→ DATA FOR THIS EXERCISE
"""
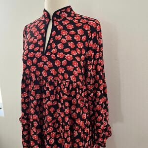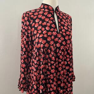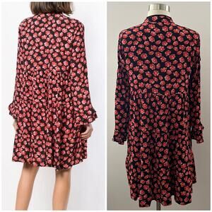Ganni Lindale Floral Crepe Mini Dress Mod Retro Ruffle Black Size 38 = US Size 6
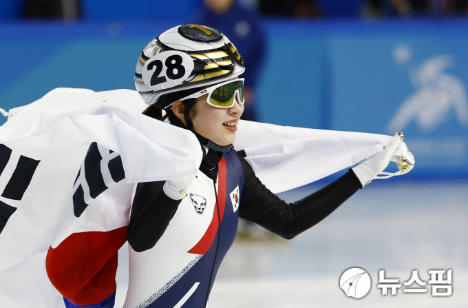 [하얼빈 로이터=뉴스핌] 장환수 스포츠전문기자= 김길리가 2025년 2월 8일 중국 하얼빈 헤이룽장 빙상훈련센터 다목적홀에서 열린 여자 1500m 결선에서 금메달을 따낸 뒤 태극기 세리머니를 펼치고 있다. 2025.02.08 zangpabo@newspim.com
"""
"""
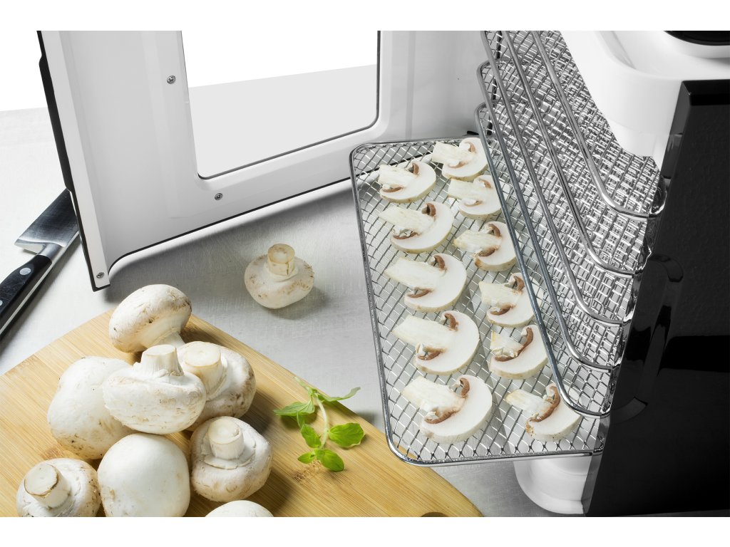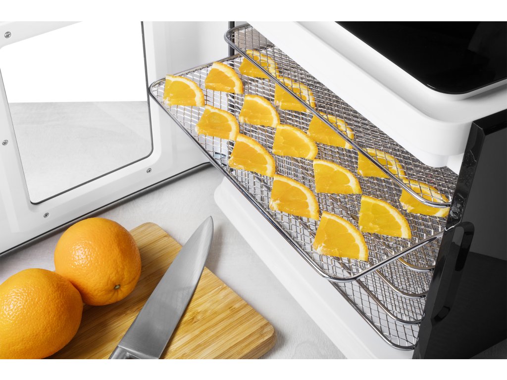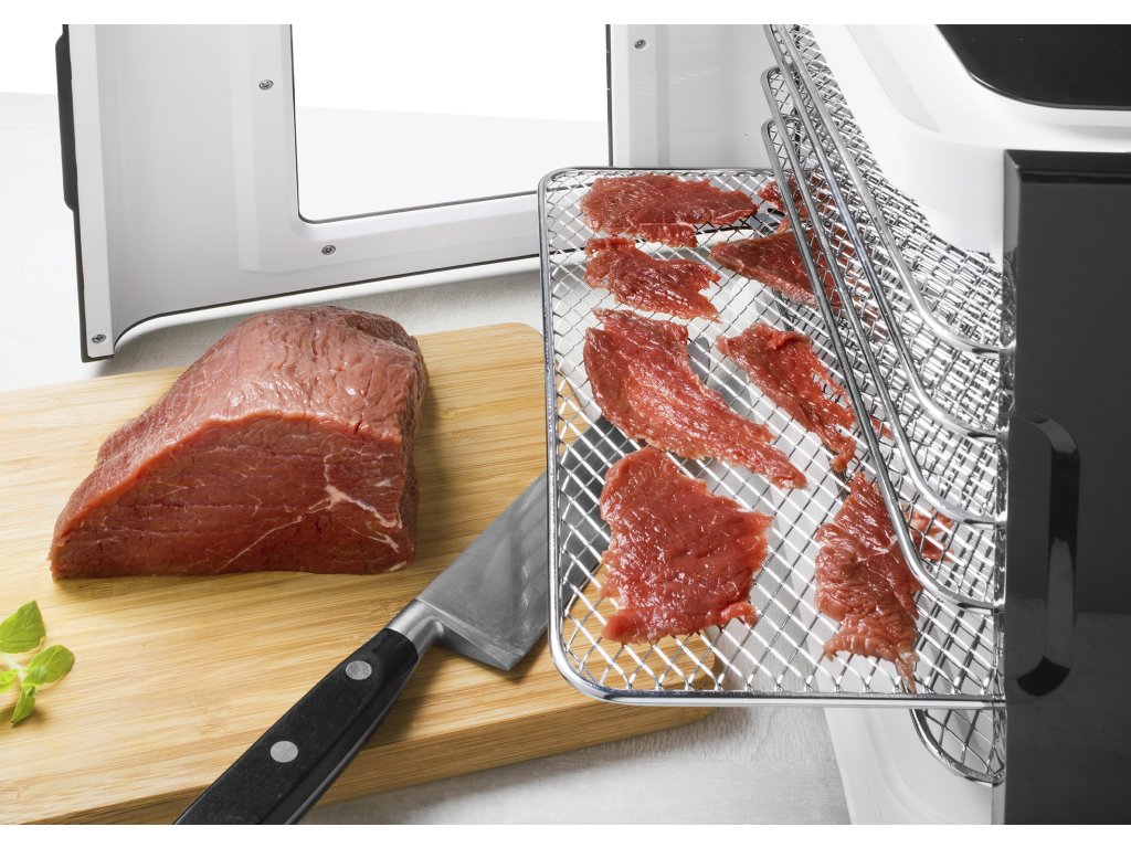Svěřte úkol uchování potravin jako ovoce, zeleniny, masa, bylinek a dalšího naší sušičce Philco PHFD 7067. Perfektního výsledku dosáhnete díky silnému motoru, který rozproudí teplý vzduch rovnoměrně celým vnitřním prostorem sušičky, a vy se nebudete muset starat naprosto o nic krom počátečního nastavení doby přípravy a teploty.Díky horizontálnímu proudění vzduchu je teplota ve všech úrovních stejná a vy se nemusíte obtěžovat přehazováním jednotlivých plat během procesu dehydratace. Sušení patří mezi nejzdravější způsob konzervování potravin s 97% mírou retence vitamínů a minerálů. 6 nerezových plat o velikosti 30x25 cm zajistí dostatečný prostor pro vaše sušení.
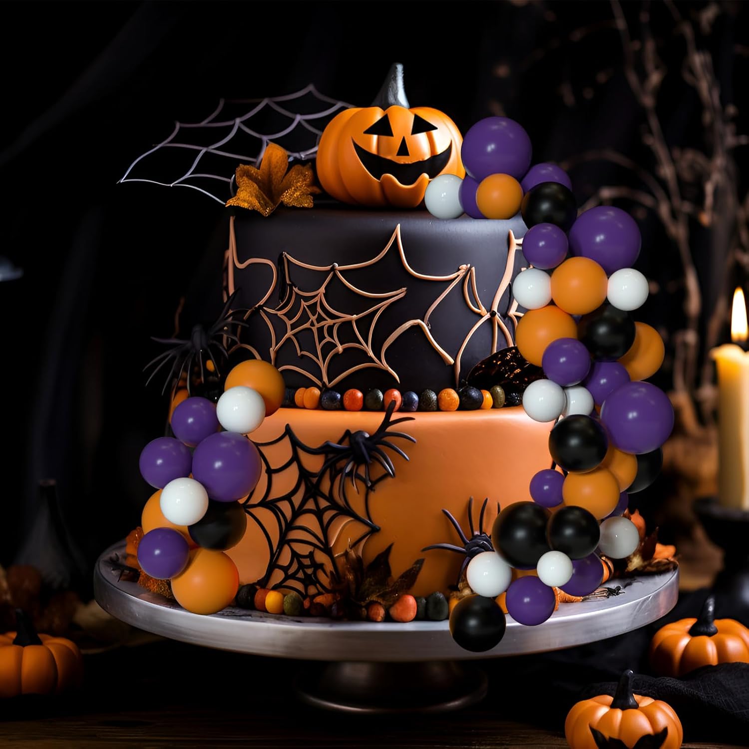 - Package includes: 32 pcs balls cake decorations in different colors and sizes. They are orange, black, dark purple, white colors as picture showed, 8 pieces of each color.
"""
"""
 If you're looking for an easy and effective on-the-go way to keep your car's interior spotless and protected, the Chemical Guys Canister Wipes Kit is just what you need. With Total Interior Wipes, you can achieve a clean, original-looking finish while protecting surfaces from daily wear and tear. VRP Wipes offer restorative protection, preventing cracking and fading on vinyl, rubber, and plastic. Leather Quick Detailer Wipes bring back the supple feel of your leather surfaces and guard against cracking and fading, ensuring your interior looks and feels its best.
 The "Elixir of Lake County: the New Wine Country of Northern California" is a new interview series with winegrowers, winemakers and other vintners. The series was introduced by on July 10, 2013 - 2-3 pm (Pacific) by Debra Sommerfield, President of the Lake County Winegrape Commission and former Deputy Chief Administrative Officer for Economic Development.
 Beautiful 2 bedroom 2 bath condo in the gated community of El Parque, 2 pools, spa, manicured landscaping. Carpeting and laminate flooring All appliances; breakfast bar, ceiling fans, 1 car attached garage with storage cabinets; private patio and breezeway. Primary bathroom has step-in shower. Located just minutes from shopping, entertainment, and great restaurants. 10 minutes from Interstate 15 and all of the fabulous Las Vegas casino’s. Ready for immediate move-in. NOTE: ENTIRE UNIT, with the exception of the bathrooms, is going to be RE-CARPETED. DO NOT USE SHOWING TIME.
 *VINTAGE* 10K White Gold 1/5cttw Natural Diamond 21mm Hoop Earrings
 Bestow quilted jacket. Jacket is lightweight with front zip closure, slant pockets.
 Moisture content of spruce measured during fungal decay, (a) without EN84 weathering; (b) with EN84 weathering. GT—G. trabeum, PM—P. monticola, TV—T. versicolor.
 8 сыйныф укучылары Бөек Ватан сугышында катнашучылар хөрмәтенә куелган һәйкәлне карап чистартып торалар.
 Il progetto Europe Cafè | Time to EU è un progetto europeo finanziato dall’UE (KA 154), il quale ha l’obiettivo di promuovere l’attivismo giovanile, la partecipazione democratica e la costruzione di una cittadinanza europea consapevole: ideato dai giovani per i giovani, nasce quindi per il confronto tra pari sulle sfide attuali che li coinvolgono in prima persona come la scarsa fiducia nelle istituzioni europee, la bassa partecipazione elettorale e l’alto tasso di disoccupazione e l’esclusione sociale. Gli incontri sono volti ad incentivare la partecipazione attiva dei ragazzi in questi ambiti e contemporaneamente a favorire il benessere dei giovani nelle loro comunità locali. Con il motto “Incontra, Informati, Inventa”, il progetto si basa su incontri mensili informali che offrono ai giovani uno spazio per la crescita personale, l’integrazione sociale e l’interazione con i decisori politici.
"""
→ WHAT YOU ARE ASKED TO DO
Leave out every line above except those from the line with "Moisture content of" up to and including the line with "8 сыйныф укучылары", and copy those exactly.

→ SOLUTION
 Moisture content of spruce measured during fungal decay, (a) without EN84 weathering; (b) with EN84 weathering. GT—G. trabeum, PM—P. monticola, TV—T. versicolor.
 8 сыйныф укучылары Бөек Ватан сугышында катнашучылар хөрмәтенә куелган һәйкәлне карап чистартып торалар.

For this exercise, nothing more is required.